The researcher was upset: he had put a lot of work into creating, conducting, and disseminating that research.  It barely got acknowledged that the user insights that the presenter discussed were insights from the researcher, let alone that some of the slides were actually taken from the researcher’s presentation.  The researcher felt like his work wasn’t being acknowledged, and that he was being cut out of discussions about this area where he could continue to contribute.

His feeling was valid.  He should have been acknowledged for the work that he had done, and how his work was forming the basis for what the presenter was discussing as future work to be done.  His frustration is completely understandable.  The presenter should have contacted him to ask permission to re-use his slides, as well as get him involved so that he could help address follow-up questions about his work.

I reminded him that there was something really positive in all of this.  He had done all of the right things.  He had done them so well that his research is now just part of that team’s DNA.  It’s part of what they use to make decisions, and now it’s an important part of what they’re using to go forward.  This is one of the best possible outcomes for user research: not only does the team understand it and are taking action on it, it has a continuing impact as they think about what they should do next.  We talked about strategies to get him involved with the ongoing conversation so that he can contribute other things that he learned in conducting that research, as well as help with additional research as they move forward.

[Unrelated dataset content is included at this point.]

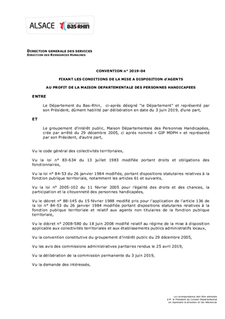 Le groupement d’intérêt public (GIP) « Maison Départementale des Personnes Handicapées » (MDPH) bénéficie depuis sa création en 2005 de la mise à disposition d’agents du Département du Bas-Rhin. Le présent rapport a pour objet de proposer à la Commission Permanente de décider de la mise à jour de la convention du 18 mai 2018 portant mise à disposition de 60 agents du Département auprès du GIP MDPH, ainsi que de décider de la mise à disposition auprès du GIP MDPH, pour une période de trois ans, à compter du 1er juillet 2019, de sept fonctionnaires du Département.

Research results can go rogue.  This can be good, this can be bad.  It’s frustrating either way, but I’m so glad that these rogue results are being used for good, and that there are ways that it can be managed to help rope them back in and grow those research results into an even better understanding of our users, their needs, and the challenges that they face.  He did a great job with the research, so good that his research is something that the team has forgotten was something that they didn’t know and couldn’t make headway on until he did that work.  We often talk about how a good UI should fade into the background.  Maybe that’s true for good research as well: it’s so good, and the results and recommendations are so much a part of what we do and so important to our understanding of our product and our user, that we forget that research happened at all.